Wednesday, April 13, 2016

Weekly Highlights: A First Step Forward for Political Prisoners


4 - 10 April 2016

Weekly Highlights

A First Step Forward for Political Prisoners

Merely a day after Daw Aung San Suu Kyi pledged to release political prisoners, many of the detained students and their supporters who had been detained and were awaiting trial for over a year for their part in peaceful demonstrations had their charges dropped and were released on Friday 8 April, 2016. This was undoubtedly a happy day for democracy activists throughout Burma, especially the students, supporters and their families, and could be a potent symbol of the path that the National League for Democracy (NLD) Government is attempting to forge. Yet a sobering reminder of the challenges to overcome that was buried amid the optimism came with the additional two years imprisonment with hard labor that was added to the sentence of two interfaith activists by a court in Mandalay on the same day.

to the President's Office, 113 political prisoners in total were released of which 69 students and their supporters had their charges dropped by Pegu and Tharawaddy Courts. Yet according to the State-run newspaper, the Global New Light of Myanmar, 161 political prisoners were released. For the sake of clarity the Government should release a comprehensive list, including the names, of all political prisoners released.

The students and their supporters had been detained awaiting trial since their role in the national demonstrations, led by the students, against the undemocratic National Education Law in March 2015. Some students remain in jail as they face charges from Rangoon courts but according to a statement by Daw Aung San Suu Kyi's State Counselor's Office, their release is imminent, "Today's dismissal was for those who face court hearings today. For others [without hearings today], their dismissal will be after the new year's holiday, when the courts resume their work." The release was categorically welcomed by Burma's civil society and international human rights groups. The Assistance Association for Political Prisoners (Burma) (AAPP), which has been advocating for over 16 years for the release of political prisoners, "congratulates the NLD government on their decision to act immediately on the political prisoner issue" in a statement released on 9 April. At this buoyant time, it is important not to forget the essential work conducted by such civil society organizations to keep the issue at the forefront of the narrative on Burma's reforms.

Yet such positivity could not be shared by Zaw Zaw Latt and Pwint Phyu Latt, two Muslim interfaith activists who had an additional two years added to their sentence. They were already serving sentences for alleged violations of the Immigration Act and the additional sentencing was under the Unlawful Associations Act after participating in a peace visit to the Kachin Independence Army's headquarters in Kachin State. According to Matthew Smith, Executive Director of human rights organization, Fortify Rights, the arrests and sentencing are religious and politically motivated, "We're continuing to see this toxic mix of religious discrimination and arbitrary detention in Myanmar. The judicial system continues to punish human rights defenders whose protection should be prioritized."

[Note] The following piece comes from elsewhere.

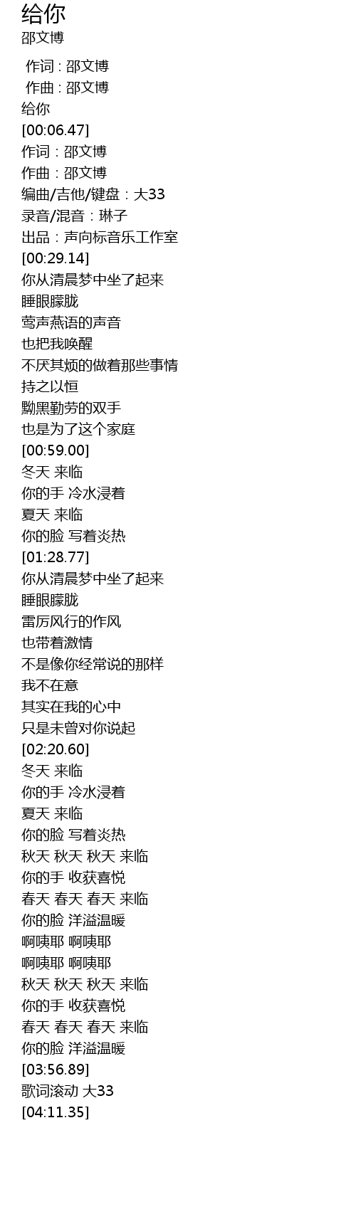 | [00:13.78] | 编曲/吉他/键盘:大33 |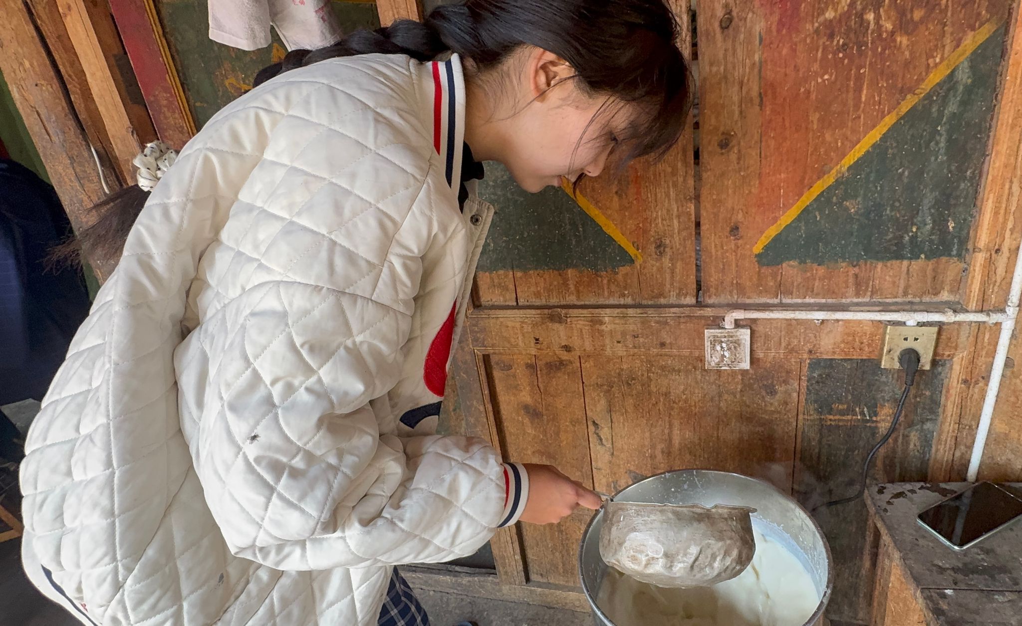 仁青志玛,旅游与财贸学院2025级大数据与会计专业1班学生、“返乡寻味”东坡饮食文化传承队成员。仁青志玛返回家乡甘孜州后,以家乡非遗美食酥油为切入点,利用寒假时间走进高原牧场,沉浸式体验酥油制作技艺,在烟火气中感悟非遗千年底蕴,在实践中守护民族文化根脉。作为一名土生土长的藏族儿女,仁青志玛自幼受祖辈熏陶,对藏民族饮食文化与传统技艺满怀热爱。寒假期间,仁青志玛专程前往家乡牧场,跟随牧人叔叔系统学习传统手工酥油的完整制作流程。从鲜奶过滤、加热发酵,到反复抽打分离油脂,再到冷却塑形、精炼提纯,每一道工序都凝聚着祖辈传承的匠心。在牧场牧人的悉心指导下,她亲手参与制作,真切体会到传统技艺的严谨与珍贵,也读懂了高原儿女与自然共生的质朴哲学。实践恰逢新春佳节,仁青志玛将亲手制作的酥油带回家,与家人共同烹制酥油茶、酥油炖鸡、酥油拌糌粑等传统美食。热气腾腾的酥油茶香气四溢,酥香浓郁的佳肴饱含温情,一家人围坐共享,在舌尖美味中诉说团圆喜悦,在传统食俗里传承民族习俗。这不仅是一次味蕾的满足,更是一场非遗文化的家庭传承,让千年技艺在新春团圆中焕发新生。

While repressive legislation remains on the books, and with a judiciary that has long been in the pocket of the still powerful military using that legislation to persecute human rights defenders and democracy activists, the issue of political prisoners in Burma will not go away easily, despite the best intentions of Daw Aung San Suu Kyi's Government. In her statement to the UN Human Rights Council, the Special Rapporteur on the situation of human rights in Burma, Ms. Yanghee Lee, presented some of the key laws that are used to stifle repression, including Section 18 of the Peaceful Assembly Law – which was used against the students, the Unlawful Associations Act – which is being used against the two interfaith activists, the Official Secrets Act, the Telecommunications Act and various sections of the Penal Code. As Amnesty International stated in a report analyzing political arrests in Burma released in March 2016, "As long as these laws remain unamended and on the books, human rights defenders and other activists will remain at risk of arrest."

Thus, despite the welcome news of the release of political prisoners almost immediately after the NLD begins its term in Government, the hard work is yet to be done. Undoing decades of repression of democracy activists and human rights defenders institutionalized by a politically pliant, corrupt judiciary, the far-reaching power of the military, and a draconian legislative framework will be a long hard road for the NLD Government. As Daw Aung San Suu Kyi said, there should be no political prisoners in democracy. Releasing the remaining political prisoners and beginning such reforms will be the next step forward and it is vital that the issue is not forgotten. According to AAPP, at least 121 political prisoners remain in jail, and 271 more await trial. This is just the beginning, not the end, as accountability, truth, and reconciliation for the abuses that political prisoners have suffered must be part of a process of transitional justice if Burma is to ever come to terms with the past horrors that successive military regimes have inflicted upon its people.

Please note: Burma Partnership will be closed for the Buddhist New Years in Burma and Thailand. We will be back with our next issue of Weekly Highlights on 25 April. Happy Thingyan and Songkran!